A DARK VIEW IN GENERAL 
BY DAVID ARTHUR WALTERS 

Know then thyself, presume not God to scan, 
The proper study of mankind is man. 
Placed on this isthmus of a middle state, 
A being darkly wise, and rudely great.” 
Alexander Pope 

Dedicated to Coconut

MY JOURNEY MAY SEEM GLOOMY to an innocent bystander. Indeed, a reader


remarked today that I take a dark view or have a dim view of everything. That is hardly
surprising in view of the headlines:

Impeachment of the President of the United States; Campaign Contributions from Red China;
Transfer of Nuclear Secrets to Red China; Bombing of Iraq Continued; Kosovo Massacres;
International Air War on Serbia; Columbine High School Mass Murder-Suicide; Yosemite Serial
Killings; Freight Train Serial Murders; Kennedy Tragedy Continued; Atlanta Mass Murder-
Suicide; Jewish Nursery Shooting; Turkey Earthquake-Estimated 20,000 Dead.
A Dark View in General  
 
Reality is far worse than the fiction interpreting it – O, the very horror of it! I'm just another man,
but sometimes I think the world is out to get me. In other words, I have been feeling a little
paranoid, perhaps with good reason.

I set aside my sombrous work to take a stroll last evening. I encountered a local woman at the
intersection of Walk and Don't Walk. The ‘Walk’ signals are accompanied by a loud clicking
sound for the benefit of the blind.

The lady was not paying attention to the lights. When she heard the clicking sound, she
mistakenly stepped out into the traffic, not realizing that the clicking was meant for pedestrians
going the other way. Fortunately, she saw the cars rapidly accelerating toward her as if they were
drag racing, and she hopped back on the curb just in time.

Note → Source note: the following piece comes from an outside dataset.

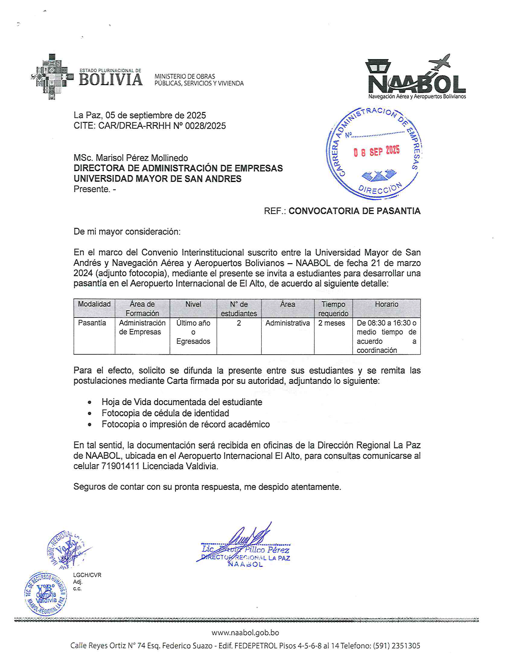 CONVOCATORIA A PASANTÍAS * NAABOL

"I've made that mistake myself," I said sympathetically – she was embarrassed. "And sometimes
I've misread the lights, thinking green for the other way is green for my way."

"I should watch the lights!" she reprimanded herself. "We're lucky we have lights here,” she said,
recomposed. “Did you see the news about that little old lady killed in the crosswalk? The
authorities said there's no money for lights."

"Yeah, they showed that guy crying in his car right after the accident. Do you know he's the
same man who ran over and killed another little old lady in a crosswalk? I don't think he's been
charged with anything in either case. He's like the Grim Reaper for aged pedestrians."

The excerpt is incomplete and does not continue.